Showing posts with label Neil Sedaka. Show all posts
Showing posts with label Neil Sedaka. Show all posts

Wednesday, 21 August 2024

I wanna tell you a story

I love songs that tell stories; granted they tend to be very linear, but I don't have a problem with that. A story told in three minutes, with a couple of verses and a chorus, is brevity writ large. Ron Sexsmith is a master of the art form. Michael and his Dad from Long Player Late Bloomer is the tale of a father and his son coming to terms with the death of their wife & mother whilst at the same time not having a pot to piss in. I often say this about truly great songwriters (and Sexsmith truly is), but if I could write a song half as good as - fill in the gaps - I would die a happy man.

Ron Sexsmith - Michael and his Dad (2011)


Another beautiful story is recanted here by Neil Sedaka on his early 70s Emergence album.
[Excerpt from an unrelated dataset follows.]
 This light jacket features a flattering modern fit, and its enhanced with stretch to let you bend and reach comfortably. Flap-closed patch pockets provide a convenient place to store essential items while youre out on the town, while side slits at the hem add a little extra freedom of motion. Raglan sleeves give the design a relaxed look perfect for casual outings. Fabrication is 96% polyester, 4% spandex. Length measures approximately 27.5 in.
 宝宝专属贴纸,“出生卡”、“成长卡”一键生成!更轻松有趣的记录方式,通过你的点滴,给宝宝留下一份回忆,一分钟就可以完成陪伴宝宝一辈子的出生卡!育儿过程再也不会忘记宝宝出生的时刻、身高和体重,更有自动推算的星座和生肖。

A young boy yearns to fly (don't all young boys yearn to fly?) and then many years later, when tucking in his own kids at bedtime, remembers that feeling. Sedaka released it as a single but, alas, it was a flop. There's probably a metaphor in there somewhere.

Neil Sedaka - Superbird (1971)


Friday, 19 February 2016

This will be our last song together, words will only make us cry

This week two people very close to me called time on their relationship. And the fallout has, predictably, reached Medd Towers. My role in all of this – that of Agony Aunt (a role, by the way, for which I have no training whatsoever) – involved lots of listening and a few pastoral words to them both based on my own, not unimpeachable, track record. Unrprisingly, it soon became apparent that I wasn’t equipped with the tools needed for the job and to help get their relationship back on to the track from which it had, only recently, been derailed. It’s all very sad.
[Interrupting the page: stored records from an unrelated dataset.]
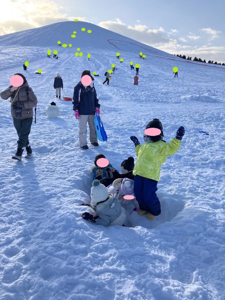人にぶつからないように登ったり、滑ったり。そり滑りが怖い子はちょっとずつ、ちょっとずつ![]()
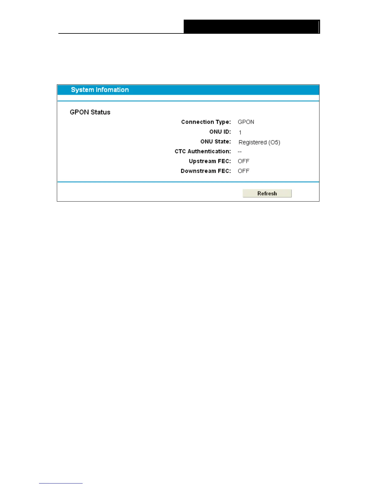 Choose “PON”“Connect Status”, the GPON Status screen will appear, click Refresh to update
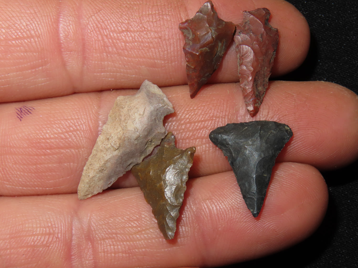 5 Bird Points, Found in Butler Co Missouri, EX Parker Collection
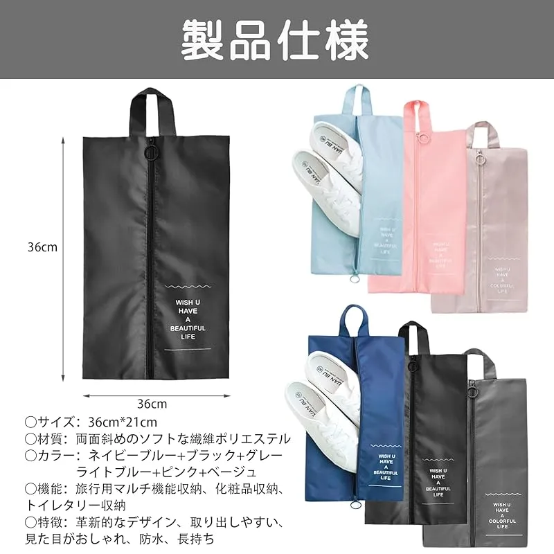 【製品仕様】靴袋サイズは約36cm*21cm、重量約40gと軽量。3個入り(ネイビーブルー+ブラック+グレー)。39サイズ以下の靴に対応していますので、購入前にサイズをご確認ください。
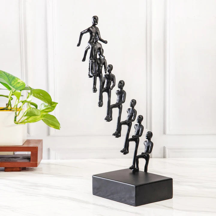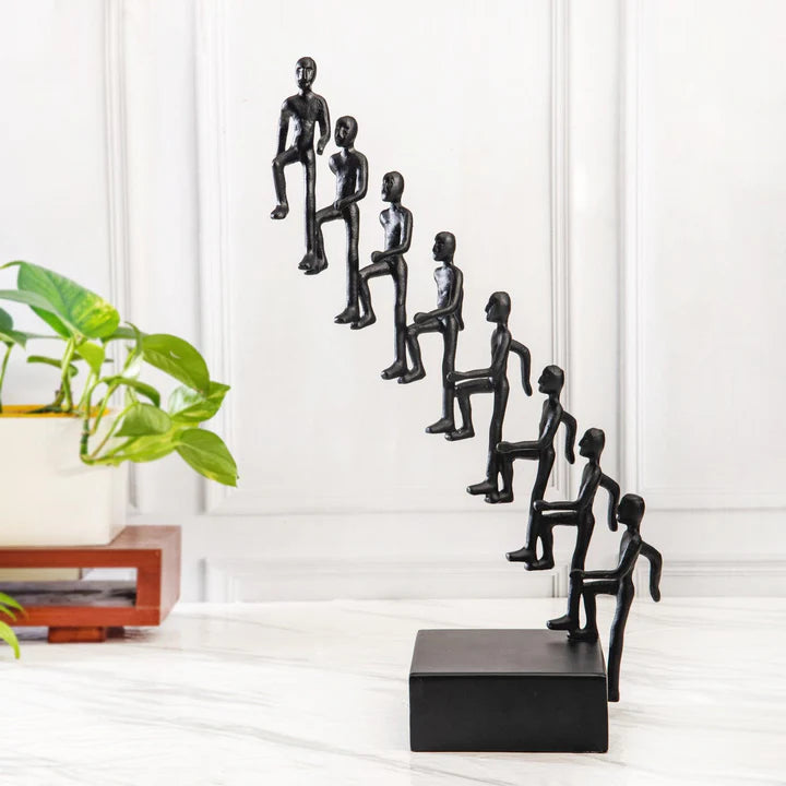Explore an exquisite home decor designer's art sculpture made from metal, depicting 8 men engaged in a climbing endeavor. This exclusive, handcrafted piece exudes an aura of success and achievement, bringing a distinctive charm to any space. With its imported origin and limited availability, this sculpture stands out as a true masterpiece. Whether enhancing a personal art collection, it leaves a lasting impression on admirers. Embrace the uniqueness and elegance of this carefully crafted creation, elevating the ambiance of your surroundings and sparking conversations about the beauty of artistic expression.
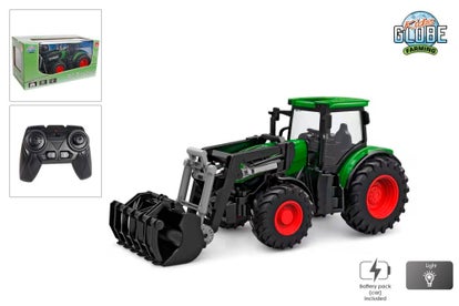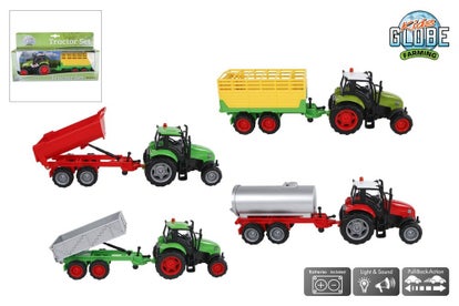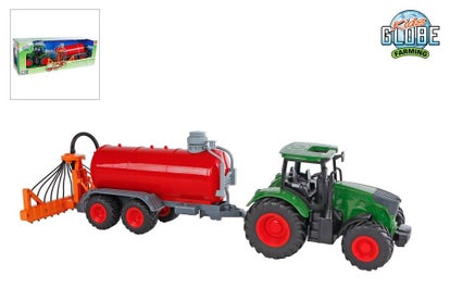 kids Globe tractor met 8 accessoires freewheel 30cm groen
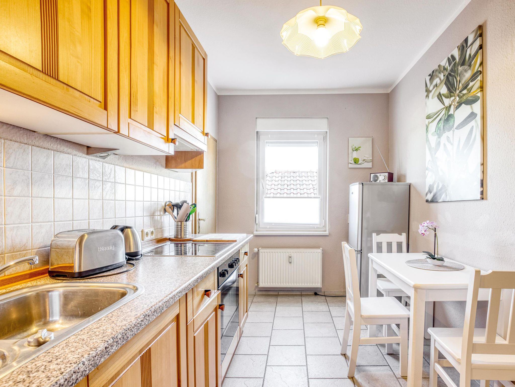Sie werden eine 35 qm² helle modern eingerichtete Wohnung vorfinden. Das kleine Schlafzimmer mit großen Schrank läßt Sie neue Kräfte für den neuen Tag sammeln. Beachten Sie bitte unsere Bilder, dass das Bett nur einen Eingang hat. Das Wohnzimmer mit Schlafcouch für eine Person lädt zur Planung von Ausflügen aber auch zum Kuscheln oder geselligem Beisammensein ein. Der im Wohnzimmer befindliche Essbereich mit Blick auf die Hauptstraße, läßt Sie den Tag gemütlich beginnen oder ausklingen. Die Küche bietet Ihnen alle Möglichkeiten für die Essenzubereitung. Das Bad mit Fenster und Dusche läßt keine Fragen offen.
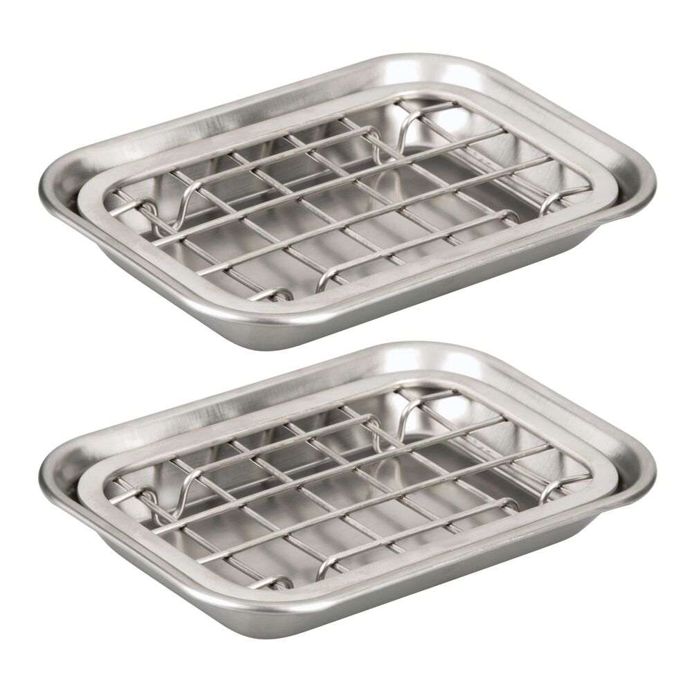 mDesign Kitchen Soap Dish Tray - Drainage Grid & Holder, 2 Pack
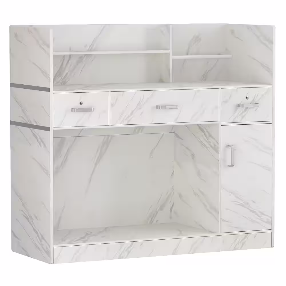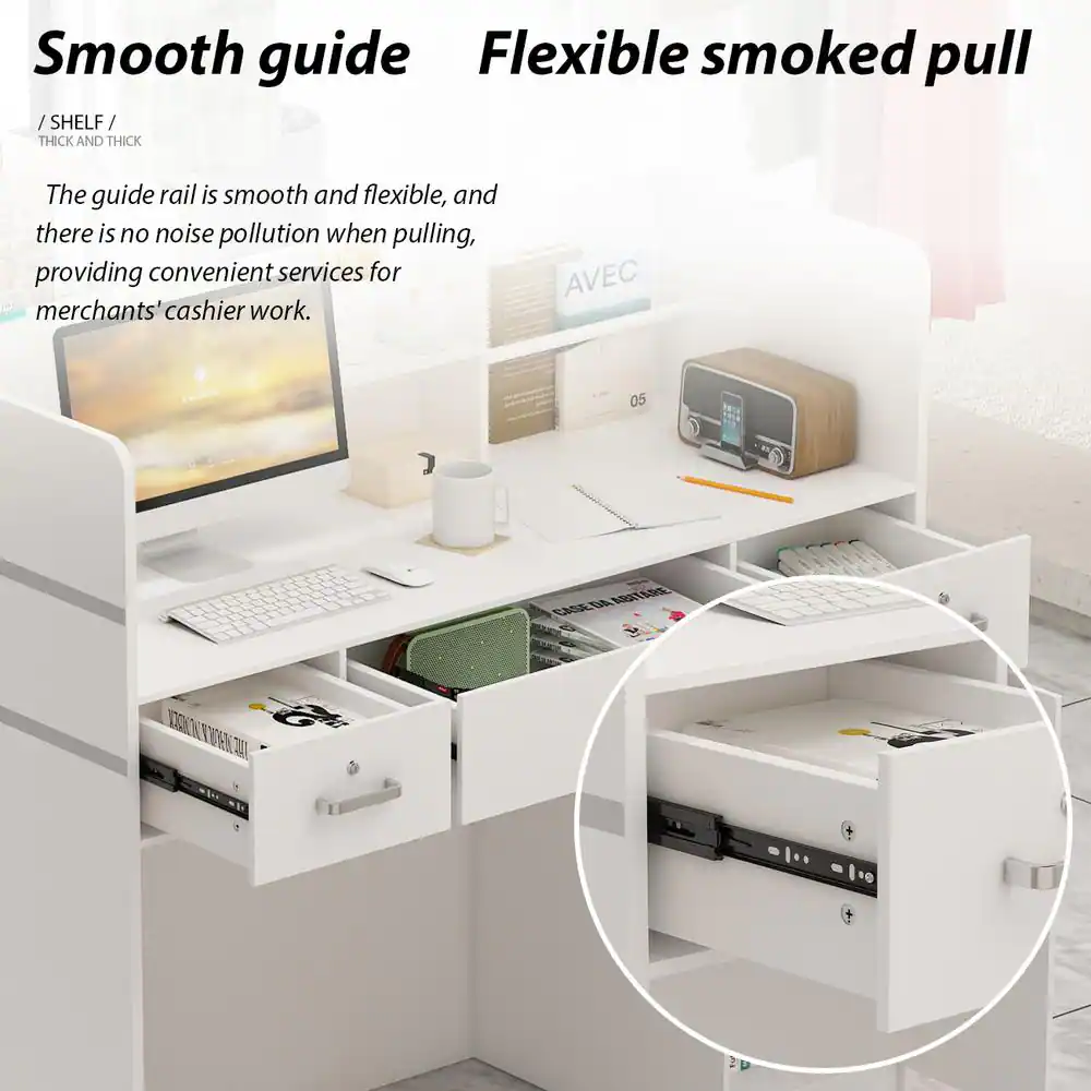 SAINT BIRCH Olivia 59.5 in. Gray Oak and White Wood 4-Drawer Writing Desk

Not for the first time, pieces of music come into my mind and, like all pesky earworms, refuse to budge. As one who has observed this purely from the sidelines I can’t help but be moved by this 1973 song from Neil Sedaka.

Wednesday, 10 April 2013

They're gonna crucify me


In April 1973 John Lennon was fighting for his life: his American life. On 23 March he'd been served papers by the US Immigration Service giving him 60 days notice to leave the country. Or face deportation. His appeal was filed 3 April, but it would be another three years 'til Lennon got his Green Card.

His friend Neil Sedaka (pictured far right) wrote The Immigrant based on Lennon's lamentable
dealings with the authorities. 




It was a frenetic time for the Lennons: April was also the month John and Yoko moved out of their apartment in Greenwich Village to the Dakota Building in Manhattan's Upper West Side. And we all know what horrors unfolded there in December 1980.